Выбрать главу

Сама по себе тяга к знанию в том мире — похвальна. Но не в знаниях — суть. И грусть от окружающей пошлости похвальна. Но не в грусти — суть. И тоска о неизвестном, и юные мечты о нездешнем счастье — хороши. Но не в тоске и не в мечтаньях — суть. Суть в том, что сладко ноющее, ищущее сердце лишь у ног Христа успокаивается и наполняется миром.

Иосиф Александрович у ног Христа не успокоился. Он только растревожился и так тревожно прожил всю жизнь, лишь под конец стихнув от усталости, а не от смирения.

В годы и напускного, и искреннего оптимизма Бродский грустит, и грустит изящно на античный манер:

Я заражён нормальным классицизмом…

(«Одной поэтессе»)

Классицизм был формальным. Парки, музы, Постум, Цинтия — не более чем декорации. А поистине роднит Бродского с античностью дохристианская грусть. Хронологически живя в двадцатом веке от Рождества Христова, мистически Бродский жил до Рождества, и его тоска — это тоска неискупленной человеческой природы.

Неважно, где живёт человек. Тоска ходит за ним, «как тень иль верная жена». Бродский грустил и отчаивался в СССР, грустил в США, морщился, путешествуя по миру, грустил бы он и ныне так, как грустит всякий нераскаянный и невоцерковлённый человек.

Желающие спорить скажут, что ежегодно на Рождество поэт писал стихотворение, посвящённое празднику. Но стоит хотя бы раз выдержать Рождественский пост, сесть за стол в сочельник, выстоять праздничную всенощную, услышать коляду, чтобы, сравнив, понять: рождественская радость Церкви и праздничные медитации Бродского — небо и земля. Если бы поэт ощутил силу Христа пришедшего, то ощутил бы и силу Христа воскресшего, то есть в его поэзии было бы и место Воскресению.

Но Торжество из торжеств прошло мимо Бродского. На тему Пасхи он не «медитировал». Кажется, только лишь одно из его стихотворений (в цикле «Литовский дивертисмент») говорит просто о молитве. Поэт сворачивает с улицы в костёл и шепчет «в ушную раковину Бога» (?!): «Прости меня».
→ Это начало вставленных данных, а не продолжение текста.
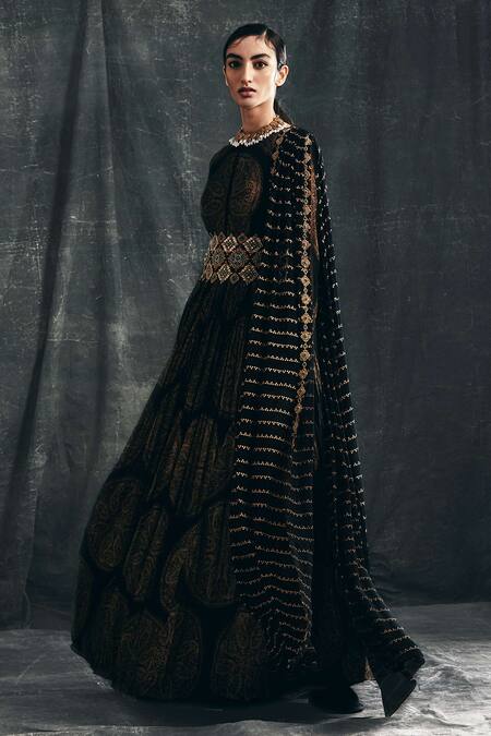 Black anarkali with gold ambi circle print all over paired with handcrafted thread-pitta embroidered belt enhanced with mirror, emerald green stone embellishments. Comes with an attached nukta print dupatta.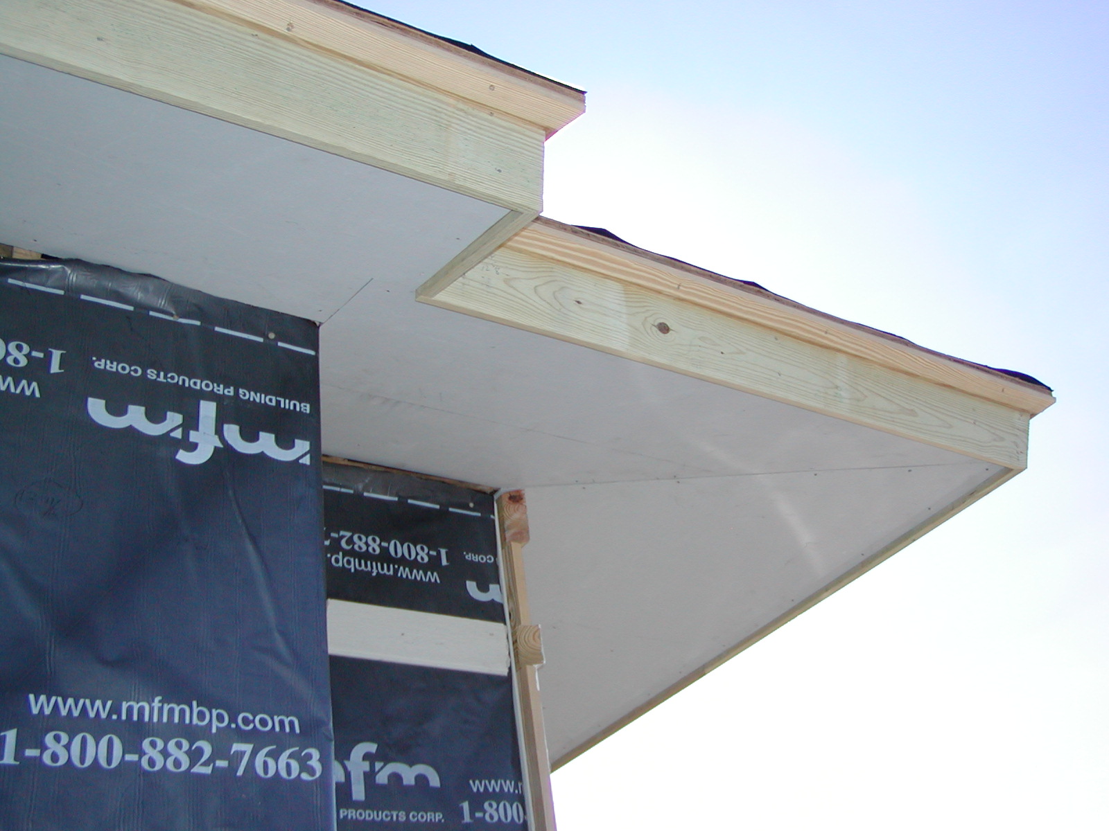 November 7, 2008 -- The soffit and fascia are being installed on the house. Note the fabricated "crown" at the top of the fascia and just under the roof. Drip will be installed around the edge of the roof. |

Всё здесь символично. Например, то, что храм — католический. По словам А. Ф. Лосева, католицизм был всегда «завлекательной приманкой для бестолковой. воистину „беспризорной“ русской интеллигенции. В те немногие минуты своего существования, когда она выдавливала из себя „религиозные чувства“, она большей частью относилась к религии и христианству как к более интересной сенсации; и красивый, тонкий, „психологический11, извилистый и увёртливый, кровяновоспалённый и в то же время юридически точный и дисциплинарно-требовательный католицизм, прекрасный, как сам сатана, — всегда был к услугам этих несчастных растленных душ» («Очерки античного символизма и мифологии»).

Цитата вся в точку. И Бродский, безусловно относящийся к русской интеллигенции, единственное своё молитвенно-стихотворное обращение к Богу совершает в костёле не случайно. Причём особое панибратство к Богу и дерзость (чего стоит фраза «ушная раковина Бога») делает Бродского похожим на раннего Маяковского. Тот тоже не сомневался в юности в бытии Божием, но обращался в стихах к Господу дерзко и с вызовом.

Я не могу отделаться от мысли, что талант Бродского был предназначен для православного ренессанса. Не для поэтической проповеди, конечно, а для воцерковления современной словесности. И по времени, и по близости к Ахматовой, и даже по еврейским корням в Бродском угадывается продолжатель стихотворного цикла романа «Доктор Живаго».

В одном из стихотворений — «Рождественская звезда» — Бродский прямо становится плечом к плечу с Пастернаком. Посвящённое Ахматовой «Сретенье» только подтверждает эту мысль.

Мандельштам как будто о Бродском сказал:

И в наказанье за гордыню,

Неисправимый звуколюб,

Получишь уксусную губку Ты для изменнических губ.

(«Не искушай чужих наречий.»)

В начале было сказано о том, что поэзия подобна сирене. Песнь же последней страшна не смыслом, а чем-то иным. Сирене не обязательно петь что-то «умное», заинтересовывающее мысль. Она вообще может петь без слов, вкладывая всю соблазнительную силу страсти в голос, его переливы и модуляции, в мелодию, во взгляды и прочее. Поэзия Бродского, при своей кажущейся интеллектуальности, есть песнь ни о чём. Кстати сказать, наша лукавая речь, «язык» даёт такую возможность. Поэт может писать на тему того, что у него нет темы; может красиво говорить о том, что говорить ему не о чем; описывать в стихах сам процесс писания стихов и так далее. В этом случае язык является — по Апостолу — корнем зла и прикрасой неправды.